Parameter Nonidentifiability
Preprint: “On the Parameter Combinations That Matter and on Those That do Not”
Consider the function, depicted below, given by $f(x_1,x_2)=1+2e^{-3x_1x_2}-e^{x_1x_2}$, which is nominally defined in terms of two inputs. Both $x_1$ and $x_2$ influence the output, but only through the combination $\phi=x_1x_2$. Knowledge of the output is insufficient to identify a single pair of values for the corresponding inputs. Instead, we find an entire level set of inputs consistent with the observed output.
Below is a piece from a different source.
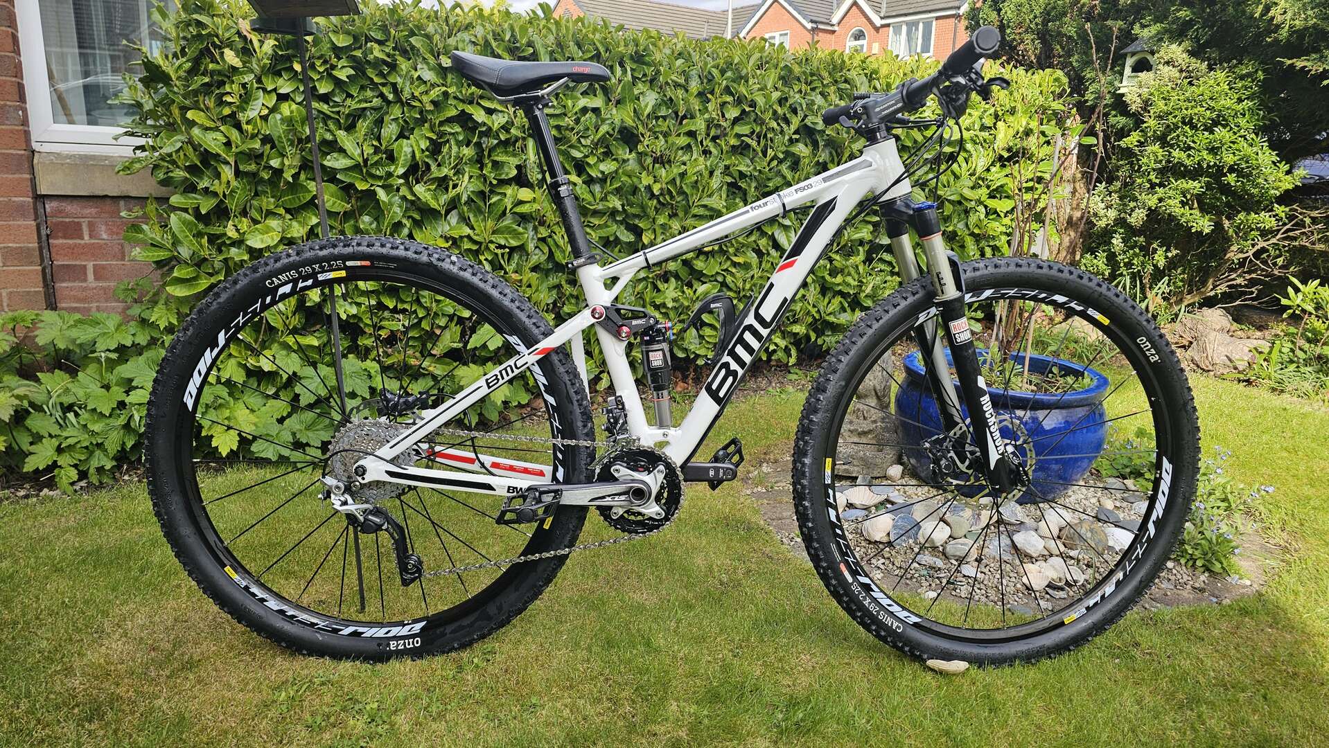 Pulled down MrsF's BMC Fourstroke off the hanger and pumped up the tyres, cleaned off the dust and oiled the chain. We're off to Newborough Forest camping and were taking this bike rather than her hybrid (she prefers that as it rolls faster), but I'd rather she didn't stack it on Forest Tracks. I'll be on the CX bike.

These level sets are one-dimensional curves in the two-dimensional domain, and there is a functional relationship between the two inputs when constrained to a particular output value. One could describe positions on such a level set using either $x_1$ or $x_2$. However, it is also possible to use the quantity $\psi=x_1^2−x_2^2$ to parameterize the level sets. This is convenient because $\phi$ and $\psi$ are conformal to each other. That is,
\[\nabla^\top\!\phi\;\nabla\psi=\begin{bmatrix}x_2 & x_1\end{bmatrix}\begin{bmatrix}2x_1 \\ -2x_2\end{bmatrix}=0\]holds everywhere in the $(x_1,x_2)$ plane. Thus, $\phi$ and $\psi$ together form an orthogonal system of coordinates in which only one component influences the system output. We call the combination $\phi=x_1x_2$ an effective parameter, whereas $\psi=x_1^2-x_2^2$ is a redundant parameter.
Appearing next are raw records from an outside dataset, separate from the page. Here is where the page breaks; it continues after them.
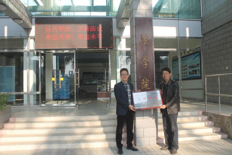 近日,法学与公共管理学院荣获“漳州市2011-2015年全市法治宣传教育先进集体”称号,受到漳州市依法治市领导小组办公室、中共漳州市委宣传部、漳州市司法局联合表彰。表彰仪式在法学与公共管理学院举行,漳州市司法局副局长郭龙庆、宣传科科长林成武,法学与公共管理学院院长何东平、徐继红副书记、黄姚明副院长参加了仪式。
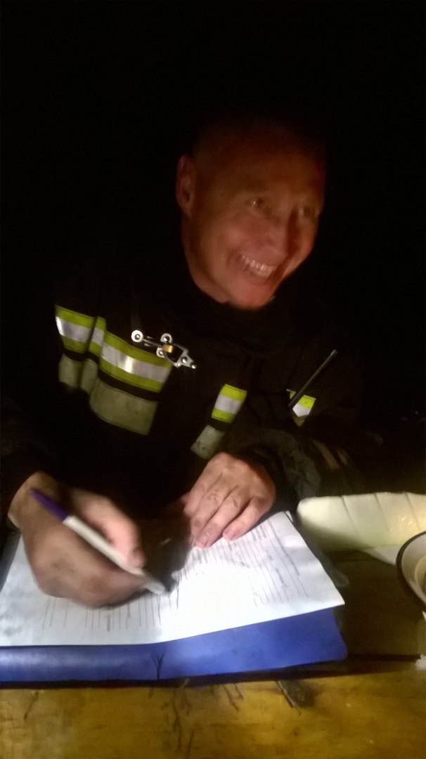 На фото Евгений, командир данной ситуации, фото было сделано случайно и неожиданно, в момент после пожара, для него это будет большим удивлением)) зато видно действительность его работы, как он доволен и рад... Со словами: "Ну, что! Все живы, все здоровы! И это самое главное
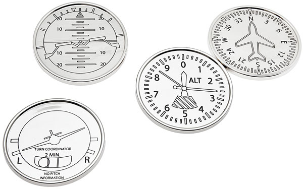This nickel-plated airplane coaster set looks like it came directly off of an actual instrument panel! There is an altimeter, attitude indicator, directional gyro, and turn & slip indicator to set your next beverage on! The felt backing keeps your furniture protected and prevents your drink from sliding away. |
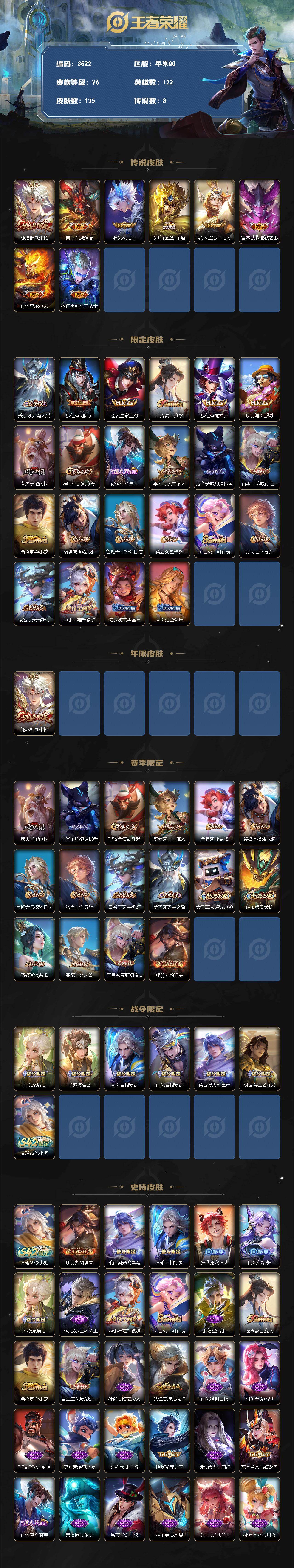 苹果Q-V6-最强王者段位-122英雄-135皮肤-8传说-34史诗

This type of behavior, where the output from a system depends on relatively few effective parameters and other combinations of inputs are redundant, arises frequently in scientific applications. However, the effective parameters need not be physically meaningful, and a purely analytical strategy for model order reduction is not possible when the system behavior is available only as a black box. We propose a data-driven approach that can identify the number of effective parameter combinations on which the system’s behavior depends and provide a global parameterization in terms of a reduced set of coordinates.
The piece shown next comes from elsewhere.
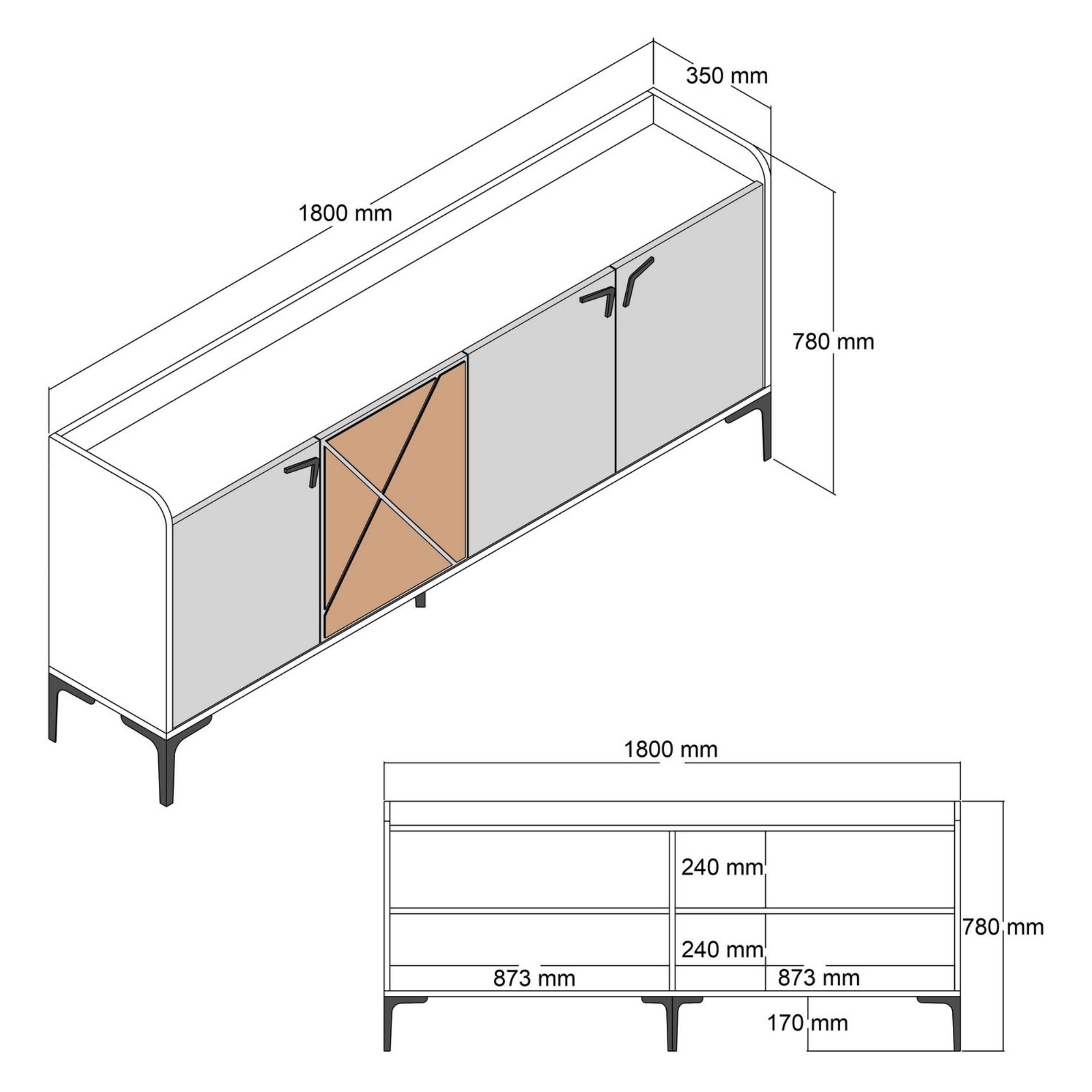 - Vysoké kovové nohy, ktoré uľahčujú upratovanie pod komodou

Our framework offers various benefits. It identifies the intrinsic dimensinality of a system’s behavior without requiring any information beyond black-box observations. The number of effective parameters that we find implicitly tells us the number of redundant parameters as well, since the two must have a sum equal to the dimensionality of the input space. Our results are valid more than locally within a neighborhood of each experiment. We construct a parameterization that applies globally over the available data and allows for two-way prediction between observations and effective parameters.